## ACTIVITY
Set the images aside and retype the whole listing exactly.

## INFORMATION SUPPLIED
============

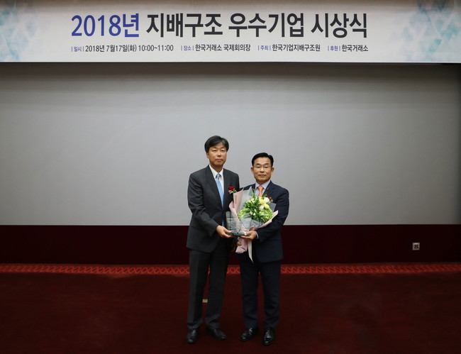 풀무원이 17일 한국기업지배구조원(KCGS)주관으로 서울 여의도 '한국거래소 국제회의장'에서 열린 '2018 지배구조 우수기업 시상식에서 국내 종합식품기업 가운데 유일하게 비금융 부문 '우수기업' 상을 수상했다. 한국지배구조원 조명현 원장과 풀무원 이상부 전략경영원장(오른쪽)이 기념 사진을 찍고 있다. /사진제공=풀무원
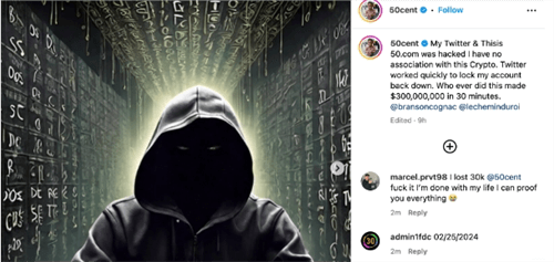 50 Cent通过其拥有3280万粉丝的Instagram账户发布声明,确认了他的X账户和官网遭到黑客攻击,并指出已有大量资金从相关项目中流失。他透露:“Twitter迅速锁定了我的账户。不管是谁做的,他在30分钟内就赚了3亿美元。”同时,他强调自己“与这种加密货币没有任何关系”。
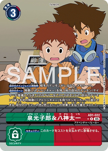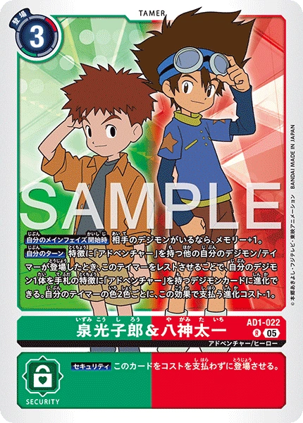 泉光子郎&八神太一 AD1-022 R アドベンチャー/ヒーロー 【自分のメインフェイズ開始時】相手のデジモンがいるなら、メモリー+1。 【自分のターン】特徴に「アドベンチャー」を持つ他の自分のデジモン/テイマーが登場したとき、このテイマーをレストさせることで、自分のデジモン1体を手札の特徴に「アドベンチャー」を持つデジモンカードに進化できる。自分のテイマーの色2色ごとに、この効果で支払う進化コスト-1。 --- 【セキュリティ】このカードをコストを支払わずに登場させる。
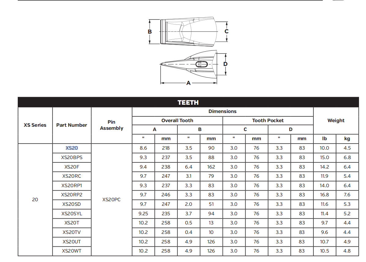 Home / Ground Engaging Tools(GET Parts) / Bucket Teeth & Adapters / Excavator / XS20RP2 Bucket Teeth for Komatsu PC200-8 Excavator | High Abrasion Resistance Alloy Steel

============

## SOLUTION TO THIS TASK
 풀무원이 17일 한국기업지배구조원(KCGS)주관으로 서울 여의도 '한국거래소 국제회의장'에서 열린 '2018 지배구조 우수기업 시상식에서 국내 종합식품기업 가운데 유일하게 비금융 부문 '우수기업' 상을 수상했다. 한국지배구조원 조명현 원장과 풀무원 이상부 전략경영원장(오른쪽)이 기념 사진을 찍고 있다. /사진제공=풀무원
 50 Cent通过其拥有3280万粉丝的Instagram账户发布声明,确认了他的X账户和官网遭到黑客攻击,并指出已有大量资金从相关项目中流失。他透露:“Twitter迅速锁定了我的账户。不管是谁做的,他在30分钟内就赚了3亿美元。”同时,他强调自己“与这种加密货币没有任何关系”。
 泉光子郎&八神太一 AD1-022 R アドベンチャー/ヒーロー 【自分のメインフェイズ開始時】相手のデジモンがいるなら、メモリー+1。 【自分のターン】特徴に「アドベンチャー」を持つ他の自分のデジモン/テイマーが登場したとき、このテイマーをレストさせることで、自分のデジモン1体を手札の特徴に「アドベンチャー」を持つデジモンカードに進化できる。自分のテイマーの色2色ごとに、この効果で支払う進化コスト-1。 --- 【セキュリティ】このカードをコストを支払わずに登場させる。
 Home / Ground Engaging Tools(GET Parts) / Bucket Teeth & Adapters / Excavator / XS20RP2 Bucket Teeth for Komatsu PC200-8 Excavator | High Abrasion Resistance Alloy Steel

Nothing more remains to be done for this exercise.